Importante anche la richiesta a supporto al settore turistico che, con i viaggi dei buyer internazionali, ha permesso finora di mantenere il 25% del mercato globale del lusso. Capasa conclude: “Dobbiamo collaborare per trovare le soluzioni migliori per tutti, tutte le filiere sono sulla stessa barca”.

Occorre infine un cambio di mentalità delle aziende per superare il gradino concettuale che porterà ad una moda digital first. Ci si abituerà ai nuovi percorsi informativi e di acquisto dei consumatori man mano che la creazione di contenuti digitali diventerà la principale modalità di interazione con i marchi.

La resilienza del fashion system

L’invito è dunque quello a prestare più attenzione al settore sfruttandone la capacità di reazione che in questi anni ha concesso di ottenere una leadership internazionale.

Gli imprenditori dell’industria culturale e creativa, tra cui la moda, la gioielleria e il design, rappresentano una locomotiva del nostro Paese. Sono stati tra i primi a dimostrare una straordinaria responsabilità sociale, intervenendo in sostegno delle strutture sanitarie con produzioni dei dispositivi più necessari, donazioni per oltre 41 milioni di euro e contributi concreti ai propri territori. Ora sono ambasciatori di un nuovo modo di approcciare il consumo e la moda nei prossimi 18 mesi.

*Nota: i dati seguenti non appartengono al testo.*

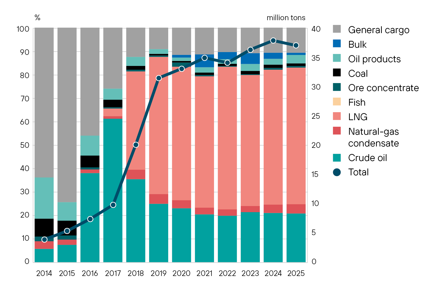 Грузооборот по Северному морскому пути в 2025 году составил 37,02 млн тонн, что на 2,3% ниже показателя предыдущего года. В предыдущий раз снижение грузооборота наблюдалось в 2022 году в результате российского вторжения в Украину. Структура грузов осталась прежней: 58% СПГ, 24% нефть и нефтепродукты, 11% генеральный груз, 4% газоконденсат, остальное – уголь, рудоконцентрат, навалочные грузы и рыба.
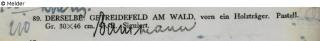 Sammlung Eduard Fuchs bis 1933; 25.10.1933 Beschlagnahmung durch die Gestapo; zwangsweiser Verkauf (Zahlung Reichsfluchtsteuer) 1937 durch seine Tochter Gertraud Fuchs: Versteigerung Rudolph Lepke, Katalog 2114, 16. und 17.06.1937, Nr. 89 („Getreidefeld am Wald, vorn ein Holzträger. Goldrahmen“); Erwerb durch Kunsthändler Hans Bammann, Düsseldorf (laut annotiertem Katalog der RKD Den Haag - Niederländisches Institut für Kunstgeschichte) für 250,- RM (Schätzpreis 210,- RM); Privatsammlung Süddeutschland; 01.06.2001 Kunsthaus Lempertz, Köln (für DM 100.000,- versteigert); im Mai 2019 soll das Pastell bei der Villa Grisebach Berlin versteigert werden - derzeit finden Restitutionsverhandlungen statt

Dicono che i tempi difficili siano terreno fertile per esplosioni di creatività e innovazione, due tra i nostri tesori nazionali che non si sono mai fermati. Il periodo buio che stiamo attraversando ci ha costretti a concentrarci sul qui e ora ma ha lasciato spazio per un tenace e positivo sguardo al futuro.

Una volta che torneremo alla vita, ci sarà bisogno di bellezza, quella bellezza che è il vero scopo dell’industria della moda e del lusso che più volte si è dimostrata in grado di reinventarsi.

Anche in questa occasione non possiamo quindi che restare fiduciosi sulla prossima ripresa e sul potenziale del settore.